Marjorie JamesI saw a commercial the other day for Prego spaghetti sauce. A lady is offered two samples of sauce in a blind test. When they reveal that she has chosen Prego, she is surprised because she has always purchased the other brand. Then she thinks, “I wonder what else I have done wrong?” Her mind goes to a younger her, dancing “disco style” in a rather hideous outfit. We all probably have something similar in our past that we hope our children never see in a picture!

Last week, I spoke about regret, what I call “If Only’s.” Not all regrets are as innocuous as how we dressed or danced in our youth or what spaghetti sauce we use. Many are much more serious; they can be dangerous, damaging our healing. This is true whether we are involved in separation, divorce or just life in general.

I referred to regrets as “speed bumps” in a long, dark tunnel. These can slow us down or block the road so we cannot continue on our life journey. Dark tunnels are mystifying; we really do not know how far we have gone or how far we need to go to get out. Until we find a way through our Tunnel of Regret in a healthy manner, we will not be able to “move on” with our lives. How we deal with our regrets will determine our future.

There are two very distinct responses to the “If Only’s” in our lives. We can continue to dwell on them, rehearsing over and over in our minds what we did wrong or when we did not do what we should have done. If we keep massaging what we see as our past failures, we become paralyzed. We just cannot seem to get beyond our past regrets, and this keeps us from moving on in the present to grasp our best future. Forgiving ourselves is essential; seeking wise counsel or finding a basis for forgiveness, like that found in many faith-based organizations, must be done for complete healing.

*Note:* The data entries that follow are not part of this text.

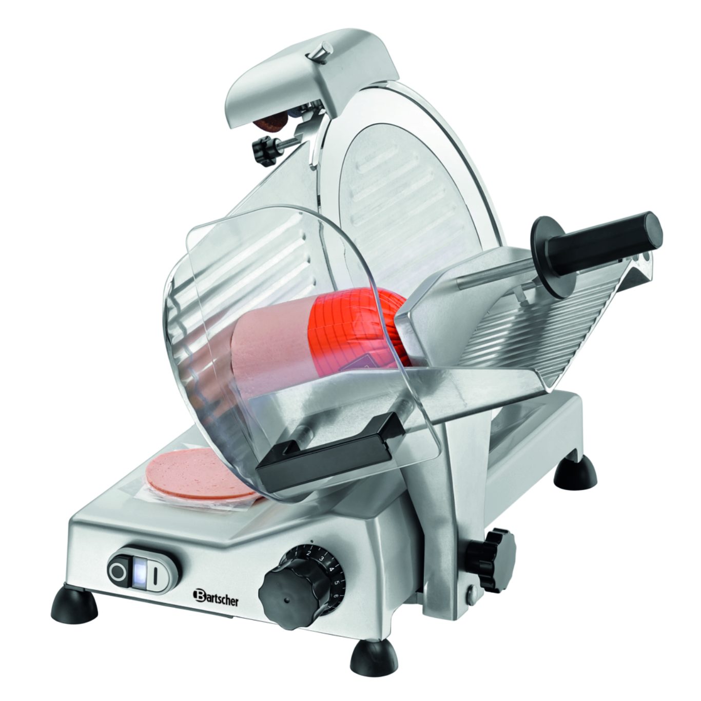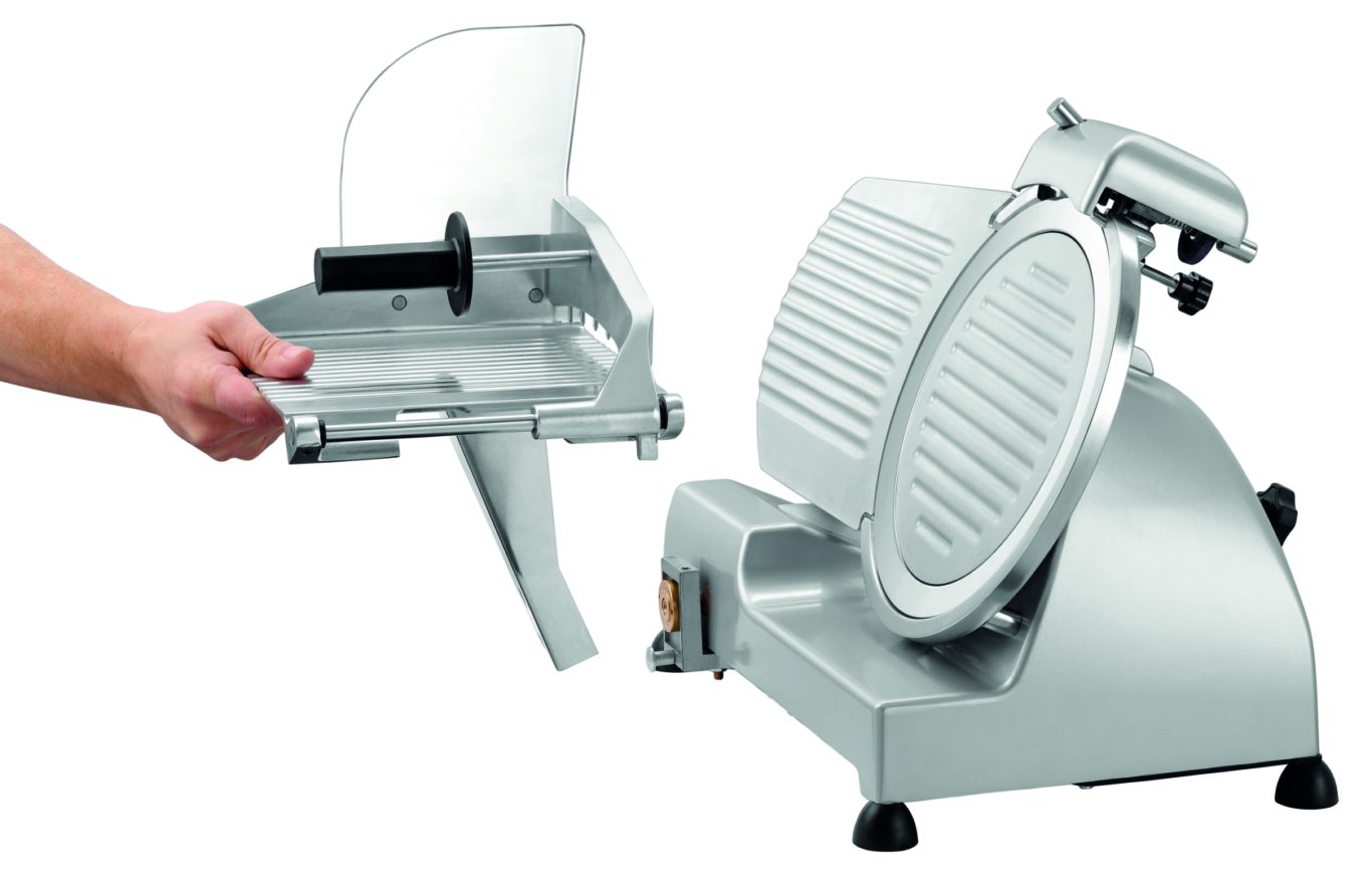 Исполнение улучшенного слайсера с ножом диаметром 275 мм впечатляет своими техническими характеристиками. Высокопроизводительный слайсер снабжён прижимным механизмом, заточным устройством, направляющей наклонной кареткой, а также двойной защитой ножа и магнитным выключателем для обеспечения безопасности.
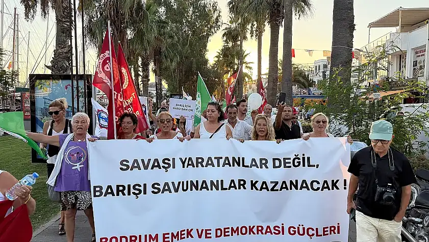 Tepecik Camii önünde bir araya gelen katılımcılar, kortej oluşturarak Bodrum Belediye Meydanı’na kadar yürüdü. Yürüyüşe çeşitli siyasi parti temsilcileri, sivil toplum kuruluşları ve dernekler katıldı. Kortejin en önünde “Savaşı yaratanlar değil, barışı savunanlar kazanacak” yazılı pankart taşınırken, katılımcılar boyunca barış vurgusu yapan sloganlar attı.
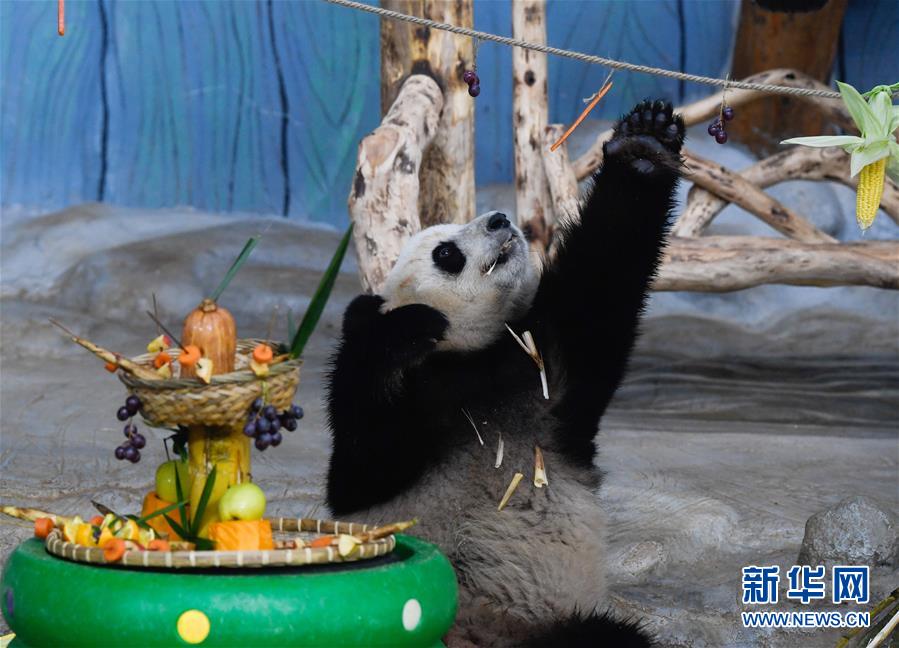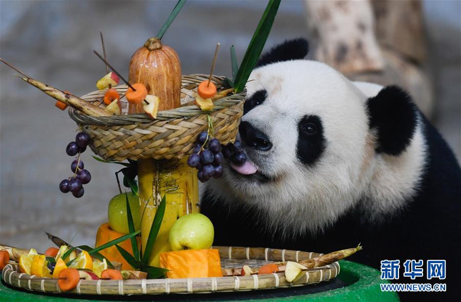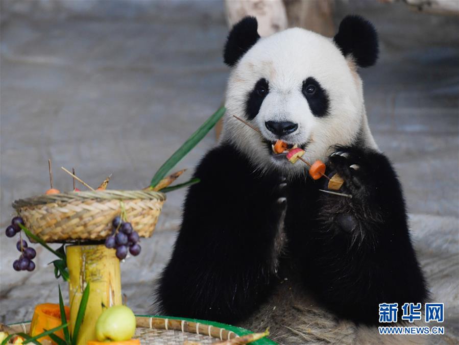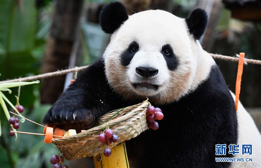 當日是2019年最后一天,海南熱帶野生動植物園的工作人員為園區內大熊貓“貢貢”“舜舜”準備了用葡萄、南瓜、竹筍等果蔬制作的“火鍋串串香”,讓它們用“擼串”的方式迎接新年的到來。 新華社記者 楊冠宇 攝
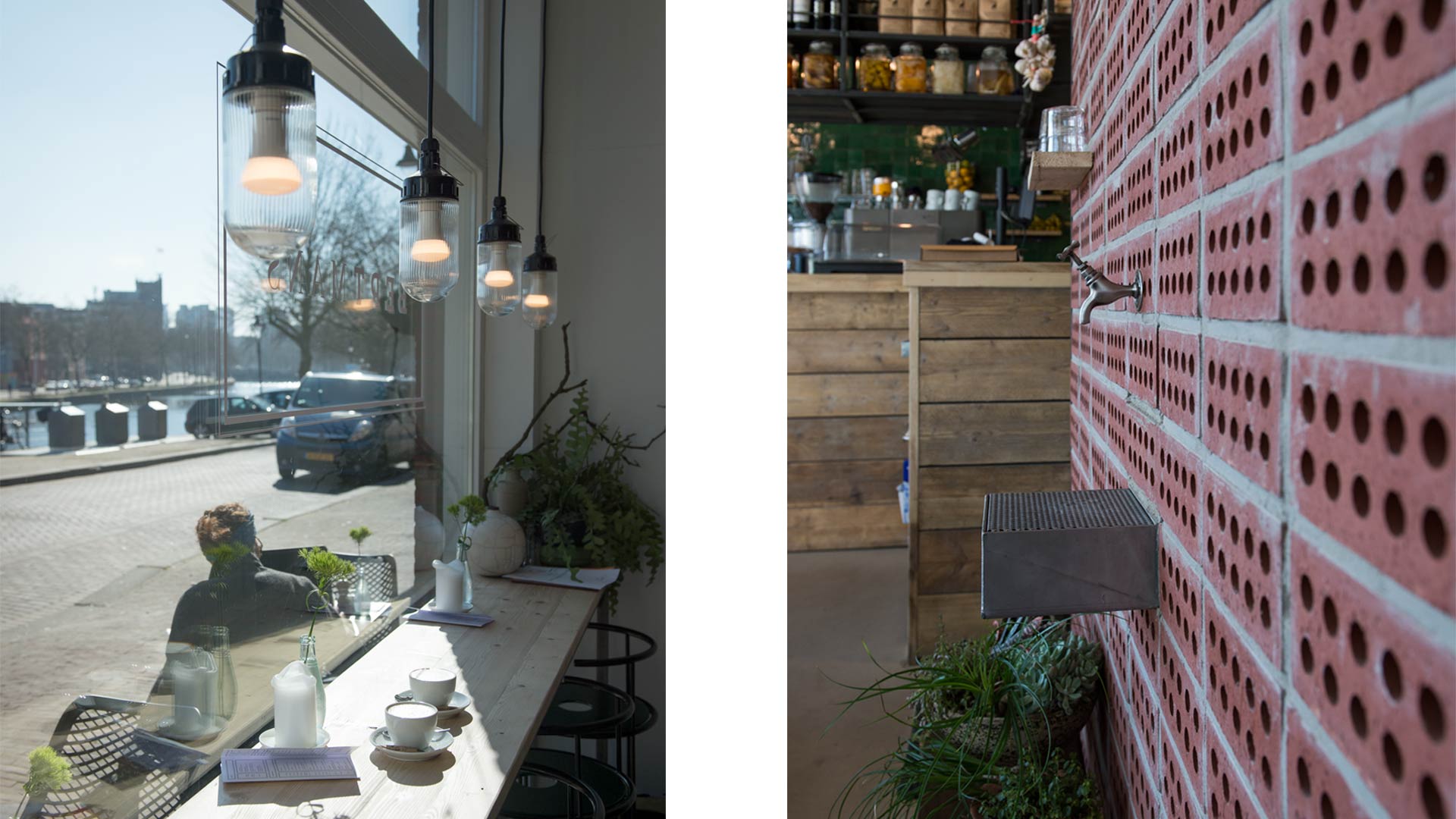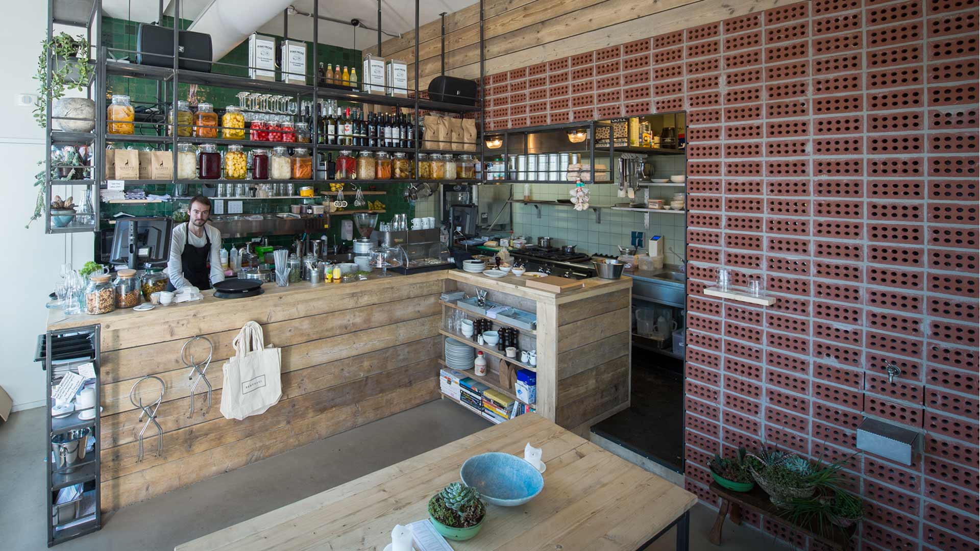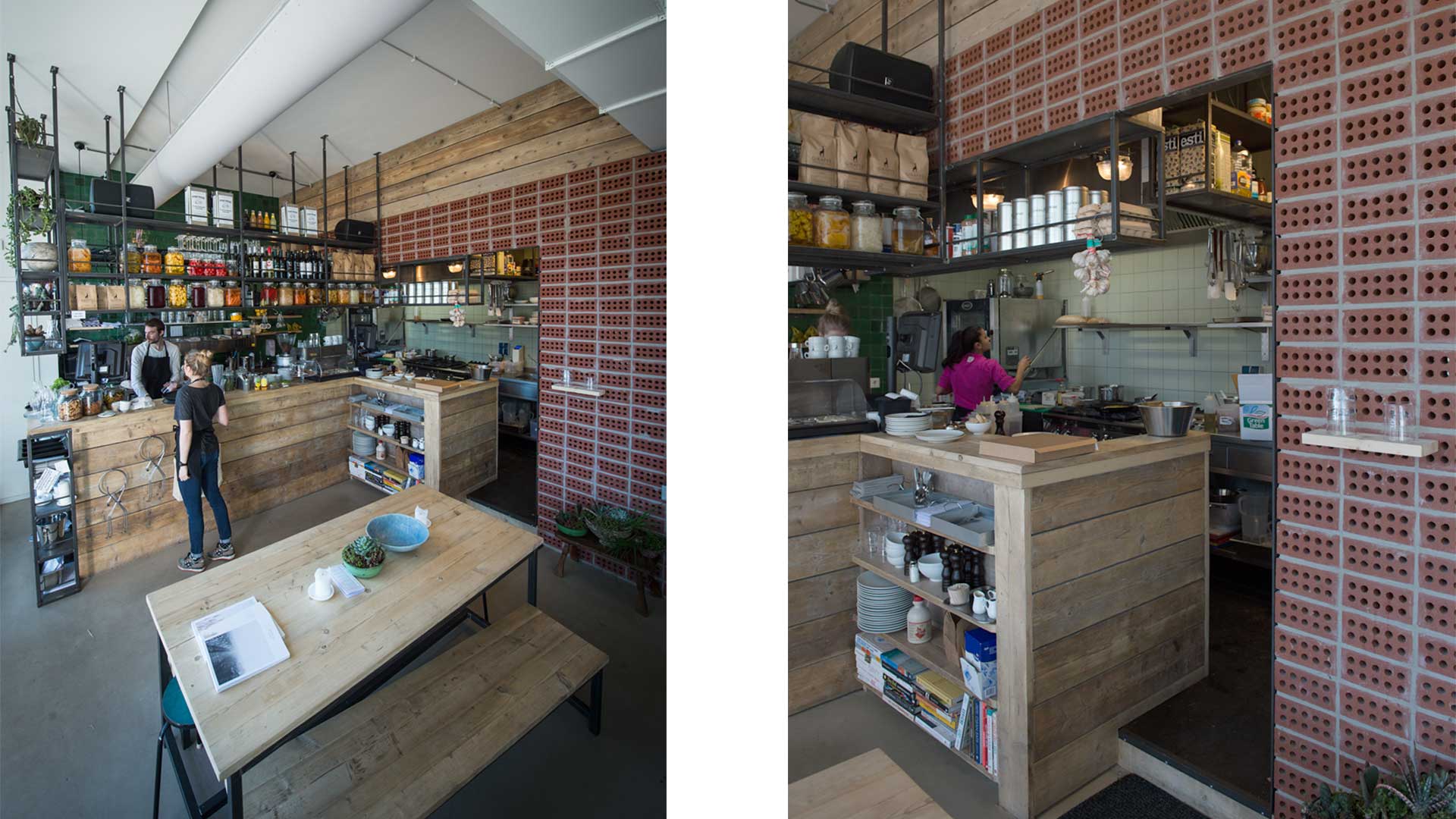 The assignment was to design an interior for this new establishment using materials to create an atmosphere which compliments this specific breakfast and lunch cuisine. To reflect the natural and organic nature of the restaurant, the architect chose four basic materials: steel, brick, distressed wood and Moroccan tiles.
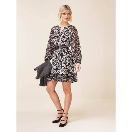 Mønstret kjole i lett viskose chiffon med fôr av viskose i kroppen. Kjolen har raglanerm med generøs vidde og smal knappet mansjett, stolpe med stofftrukne knapper i front, løst knytebelte i livet og utskrådd fasong med en kappe nederst på skjørtet. Liten logobadge i metall nede på siden. Modellen er 179 cm høy og har på seg str S.
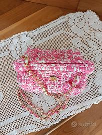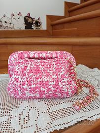 Borsa, borsetta clutch handmade uncinetto in fettuccia poliestere colore rosa e bianco.
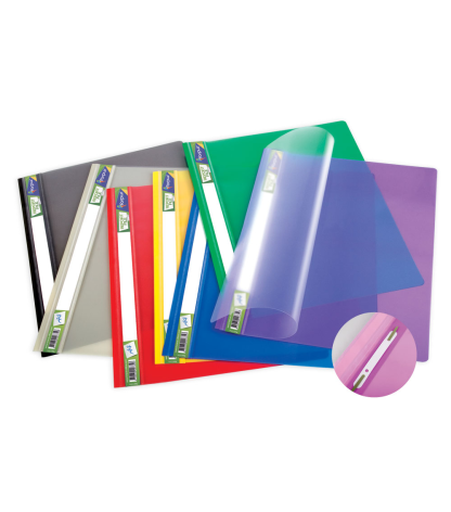 Plastikini segtuvėlis skaidriu viršeliu su įsegėle. A4+ formatas.

The other response is a polar opposite, but also effective. It is difficult, if not impossible, to totally forget what we see as our “big failures.” However, if we choose to learn from those failures and determine how to make sure these do not become a part of our lives going forward, we can learn valuable lessons. Our regrets can be springboards to excellence in the future and will, many times, be used to help others avoid the same actions.

Alcoholics Anonymous, and other such groups, base their programs on a sponsor format, where a former addict acts as a mentor to help a person who is building his or her “regret road” come clean. The sponsors have learned how to use their “If Only’s” to keep others from going down the Tunnel of Regret.

Collaborative professionals are there to help people get on with their lives in a positive, productive way. No one going through a divorce will escape the “If Only’s”, but the right team can help make the future “tunnel free.”